Old and new £20 note illustrating that landlords could save money using an online letting agent.

Tenancy Deposit Protection Schemes – A List for Landlords

Up until 2013 landlords had a choice of only 2 tenancy deposit protection schemes when protecting tenants deposits.

  1. To hold the funds in their own bank accounts and pay an Insurance Premium to cover the cost of potential arbitration in the event of a dispute at the end of the tenancy and to cover the cost of running the scheme
  2. To pay all of the money into the Custodial Scheme where the interest made on the funds held would pay for the potential arbitration in the event of a dispute at the end of the tenancy and to cover the cost of running the scheme
Old and new £20 note illustrating that landlords could save money using an online letting agent.
Landlords have a choice of 5 Tenancy Deposit Protection Schemes.

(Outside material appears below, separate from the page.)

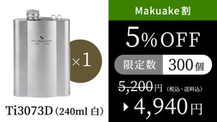 【Makuake割5%OFF】チタン製ヒップフラスコ 白240ml

Tenancy Deposit Protection Schemes

Having made that decision the landlord may have a further choice to make if he decides to hold the funds and use an Insurance based scheme because there were, until now, two options.

Any Tenancy Deposit Protection Schemes must hold a Government Contract in order to operate.  The three schemes that have held a contract are:

  1. Deposit Protection Service DPS
  2. Mydeposits
  3. Tenancy Deposit Protection Scheme

The DPS is the only Custodial scheme, the other two offer the Insured option.

From 1st April 2013, a further insurance backed scheme became available:

  1. DPS Insured Scheme

Tenancy Deposit Protection Schemes Legislation

Information about legislation related to Tenancy Deposit Protection Schemes and the various schemes that are Government approved can be found here https://www.gov.uk/tenancy-deposit-protection/overview.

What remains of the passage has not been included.